The stylized approach is likely simpler than a time use diary, but it has been criticized for its lack of accuracy. Research comparing estimates from diary and stylized methods suggest that stylized questions tend to produce under-estimates of time spent on frequent activities and over-estimates of time spent on infrequent or episodic ones. Accuracy also tends to deteriorate the longer the period over which the respondent is asked to recall. A modified version of the stylized approach was developed for use in Cycle 16 of the General Social Survey which focused on help provided to seniors. It comprised a series of questions intended to enhance the accuracy of respondents’ recall of their caregiving work.

  • In the past 12 months, have you assisted anyone with a health or physical limitation by [providing personal care such as assistance with bathing, toileting, care of toenails/ fingernails, brushing teeth, shampooing and hair care or dressing]?
  • What was the reason for providing assistance with these activities?
–»Because of their long-term health or physical limitations
  • During the time that you assisted [care receiver], how often did you assist them with these tasks? Was it daily, at least once a week, at least once a month, less than once a month?
  • What is the number of times [daily/weekly/monthly] that you assisted [care receiver] with these tasks?
  • About how much time do you spend assisting [care receiver] with these tasks on each occasion?

Time diaries have become standard elements of the national statistics gathering systems in most developed, as well as many developing, countries around the world. They share common features but are implemented in slightly different ways in different countries. In Canada and the United States, for example, the data are collected over the telephone using a 24 hour recall diary. The following represents the typical structure of the interview in the Canadian survey:

  • On [designated day] at 4 a.m. what were you doing?
  • And then what did you do?
  • When did you start?
  • How long did you spend on this activity? When did this end?

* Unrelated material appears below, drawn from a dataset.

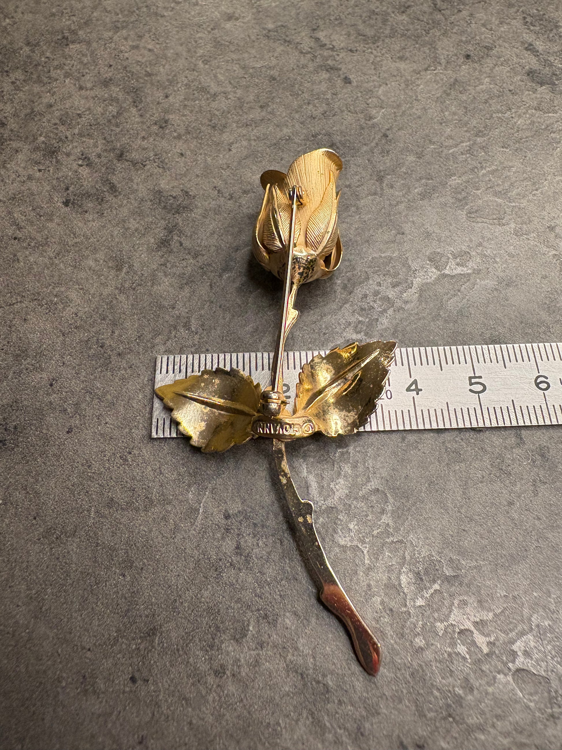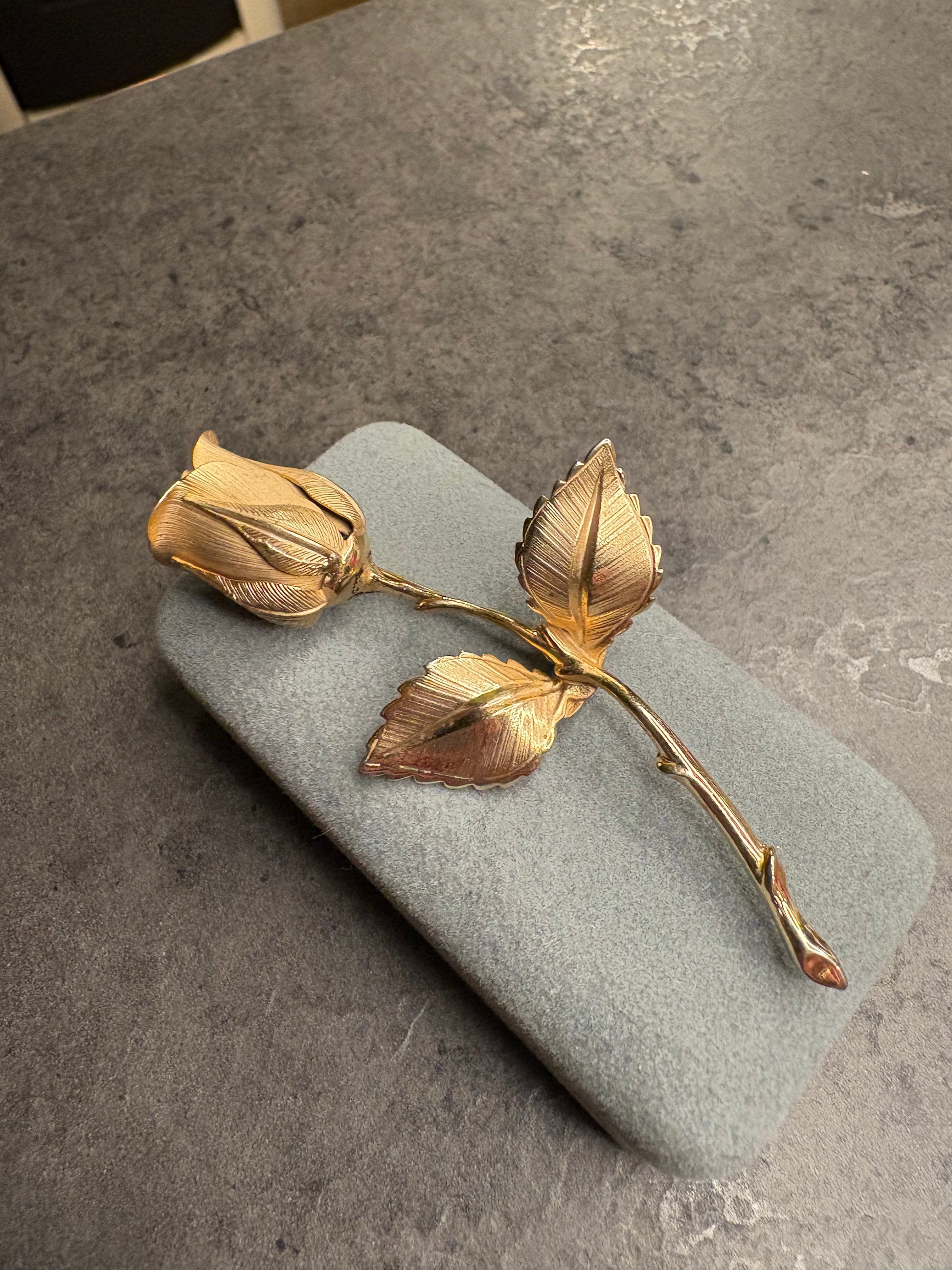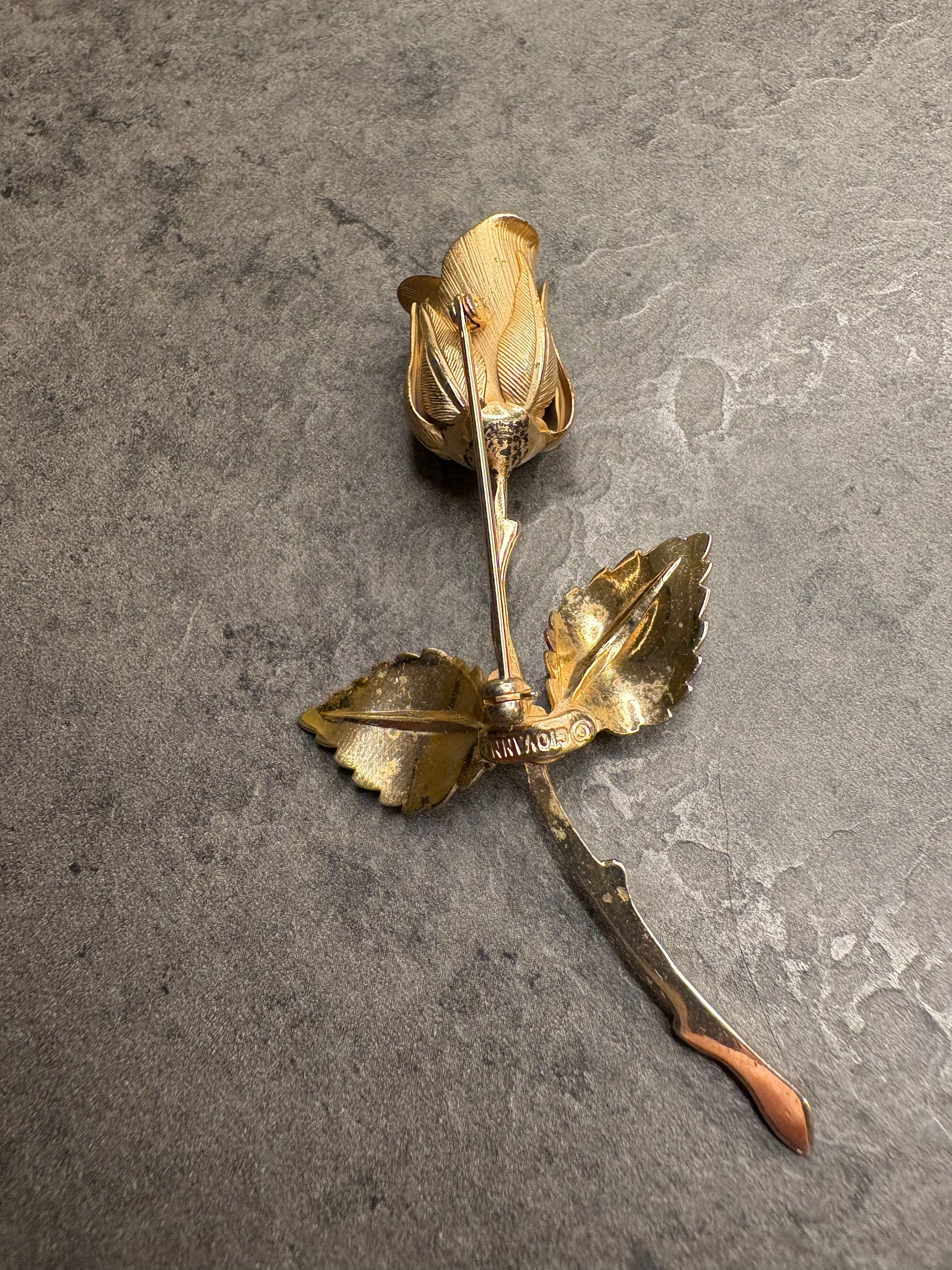 Raffinata spilla vintage “Rosa di Natale” firmata Giovanni, risalente agli anni ’60, realizzata in metallo dorato finemente cesellato.

In most countries, though, paper diaries are dropped off to the respondent who then records his/her activities, often for specified intervals (e.g., 15 minutes), during the designated period (from one to seven days), at the end of which the diaries are picked up. An interview in which basic demographic and other relevant information is obtained often is conducted when the diary is picked up or dropped off. Surveys also vary across countries with respect to the number of household members from whom a diary is obtained, and what contextual information is requested about the activity episodes (e.g., where they took place, who the respondent was with at the time, for whom the activity was done, secondary activities the respondent was doing simultaneously, etc.).

Time diaries are not without their problems, however. Both the incidence and duration of infrequent and episodic activities, such as volunteer work and caregiving, tend to be under-represented when diaries are collected for only one or two days. This is what led to development of the modified stylized approach for the survey on social support described above.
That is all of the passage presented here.